Cotton fiber and yarn properties were determined according to ASTM method by using HVI Spectrum and Micromat. Yarn strength expressed in terms of Lea Count Strength Product (LCSP) was measured by using the Good-Brand Lea Tester. Single yarn properties and yarn uniformity, imperfections and hairiness were measured on Textechno Statimat Me tensile tester and Uster Tester III, respectively. The results were compared with the Uster provisional 5%, 25% and 50% quality levels (Zellweger Uster, 2001). Fiber and yarn properties were determined at the Cotton Technology Research Laboratories, Cotton Research Institute, Giza, Egypt.

Results and Discussion

Fiber properties

Table 3 shows the quality properties of Egyptian cotton Giza 85, Upland Greek cotton and Acala Sudanese cottons. Naturally, the fiber quality of Egyptian cotton variety is higher than the two upland cotton varieties mainly, in fiber strength, fiber length, length uniformity, fiber fineness, fiber elongation and especially in short fiber index which reached in some samples of Greek and Acala cottons reached to 18.0 % accompanied by the lowest length uniformity, being 79%.

Table 3. Fiber quality properties of Giza 85, Greek and Acala cottons

Mechanical properties

The lea count strength product, single yarn strength and elongation of open-end and ring yarns spun from Giza 85 and its blends with Greek and Sudanese cottons are given in Tables 4, 5, 6 and 7. The results indicated statistical significant difference in lea count strength product and single yarn strength means of all blended open-end and ring yarns. Giza 85 cotton variety recorded the highest and superior quality of lea count strength product and single yarn strength (cN/Tex), while as, Greek and Sudanese cottons showed the lowest yarn quality. In both spinning systems and yarn counts, the addition of different ratio of Giza 85 cotton fiber improved the mechanical properties of the Greek and Sudanese cottons. The fact that long and strong fiber produced strong yarn held true for the two spinning systems used in this study.

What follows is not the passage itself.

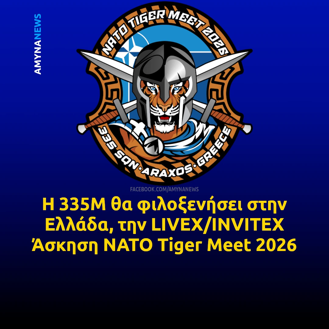 Η LIVEX/INVITEX Άσκηση NATO Tiger Meet 2026 θα διεξαχθεί στην Ελλάδα από τη Δευτέρα 4 έως την Πέμπτη 14 Μαΐου 2026.

In all cases, LCSP and single yarn strength decreased linearly as yarn numbers become finer, this is clear in both open end and ring spun yarns, for instance yarn tenacity of 25s open end and 30s ring yarns were significantly higher compared to 35s open end yarns and 40s ring yarns respectively.

In open-end yarns, the variation analysis, a statistical difference revealed between the tenacity values of 25s and 35 yarns. Therefore, the tenacity values of the 25s yarns were higher than those of the 35s yarns. On the other hand, the tenacity values of the 30s ring spun yarns were higher than those of the 40s yarns.

For a given cotton blend, the ring yarns were stronger than the open-end yarns. Comparing yarn strength of the different blends of Giza 85 with Greek and Sudanese cottons, cotton B produced the strongest yarns, followed by cotton C, D, G, H and then cotton I regardless the spinning system used. The same trend was found among the combinations of Giza 85 and Sudanese cottons, indicating that yarn strength increased as the percentage of Giza 85 increased in the blend with both Greek and Sudanese cottons.

The study of the effect of short fiber index on processing efficiency and yarn quality indicated that the increases in short fiber contents have a detrimental effect on spinning performance (end breakage) and product quality. Even though it is well known that the long fibered, stronger and more uniform (Giza 85) cotton has a definite advantage over short fibered (Greek and Acala cottons), the high price of the longer cotton prohibits its indiscriminate usage.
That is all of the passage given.